The matrix in Figure 3-1 illustrates the diversity of control requirements and benefits, for SPC/H depending on roles and solar power source. In all cases there are preconditions of tariffs, incentives, messaging, control technologies and house quality, for each of which there will be a range of possibilities depending on application. The vertical purple bands indicate how control may be the responsibility for one of three possible actors: the householder, the network business, or a third party that would interface with and bundle a group of households. The benefits are different for each of these roles, and will differ depending if the power is from a householder’s own rooftop PV, or is from excess grid capacity, as shown in the green horizontal bands. There are also benefits that would be experienced beyond these roles in the broader community, shown in the matrix as community benefits spanning the full width. These are expected to be reduced household electricity costs particularly helping those in fuel poverty to improve their thermal comfort and thus health and well-being, and a reduction in barriers to installing rooftop PVs and feeding to the grid.
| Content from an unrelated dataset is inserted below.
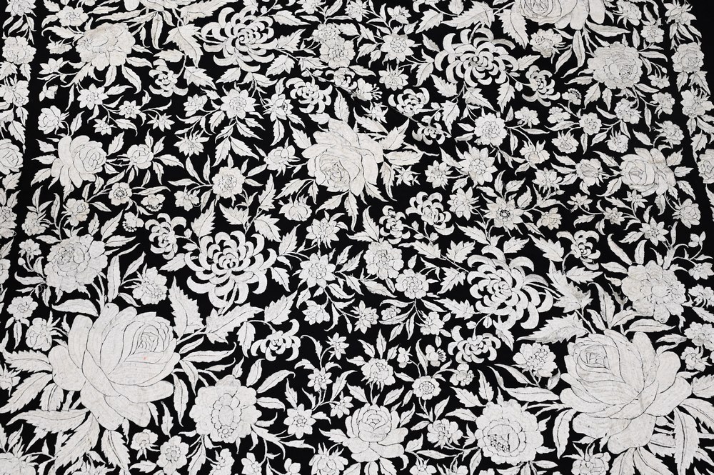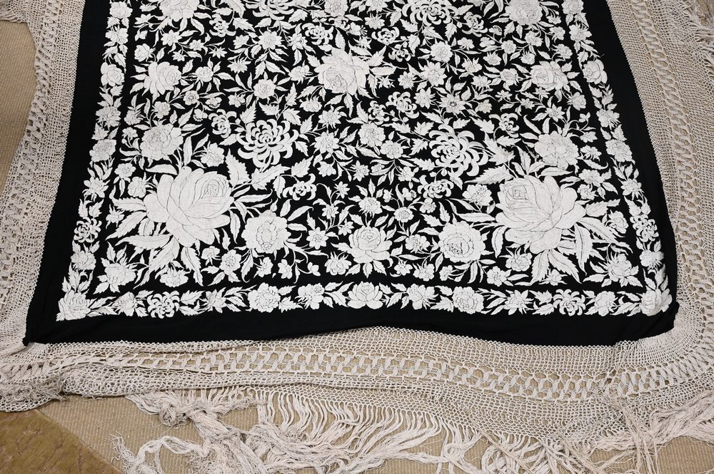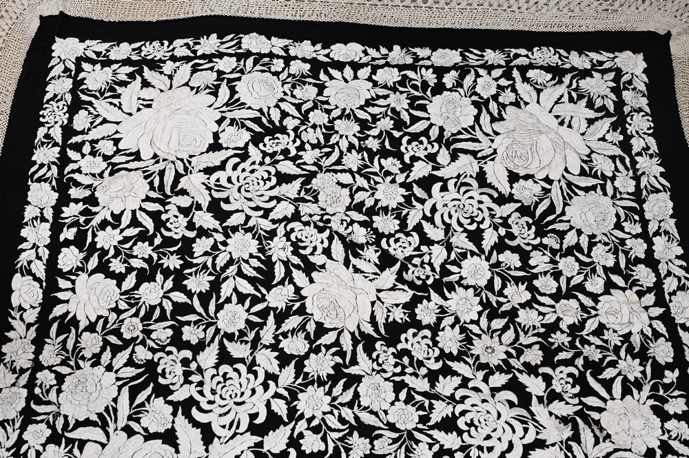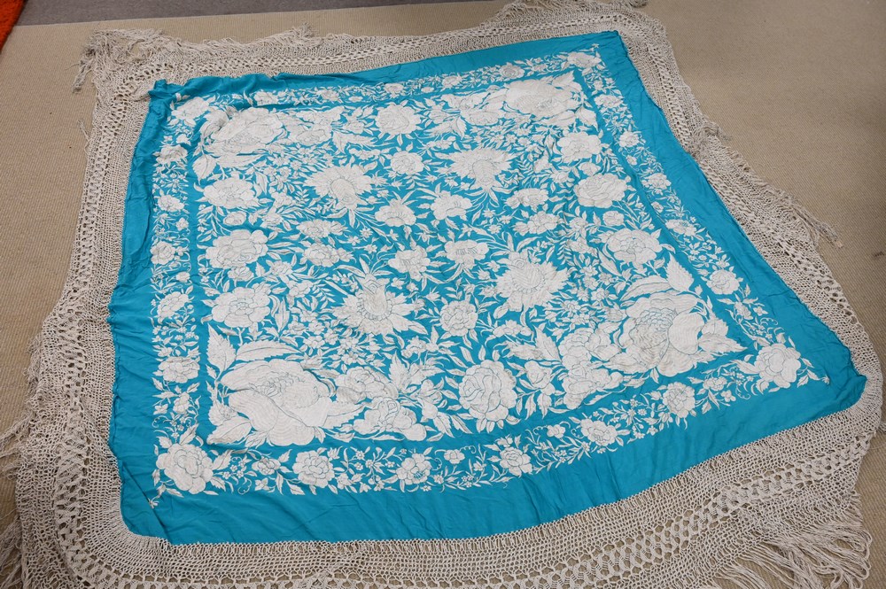 Lot 354: Two Embroidered Silk Piano Shawls, to include one with large flowers; one with black ground and one blue; approximately 6′ 2″ x 6′ 5…

Figure 3-1. Complexity in solar pre-cooling
The alignment of solar availability with residential cooling requirements has generated large-scale interest in the development of solar assisted comfort cooling technologies across the world. The intersection of decarbonising the energy sector and rapidly increasing global cooling demand due to increased economic prosperity in tropical countries is a global driver of accelerating this technology development [14]. However, residential solar assisted cooling is still an emerging opportunity to reduce electricity demand from the grid and improve the energy footprint of the built environment. The literature scan below is focused on the status of solar pre-cooling that is suitable for residential applications and identified technology and market status in Australia.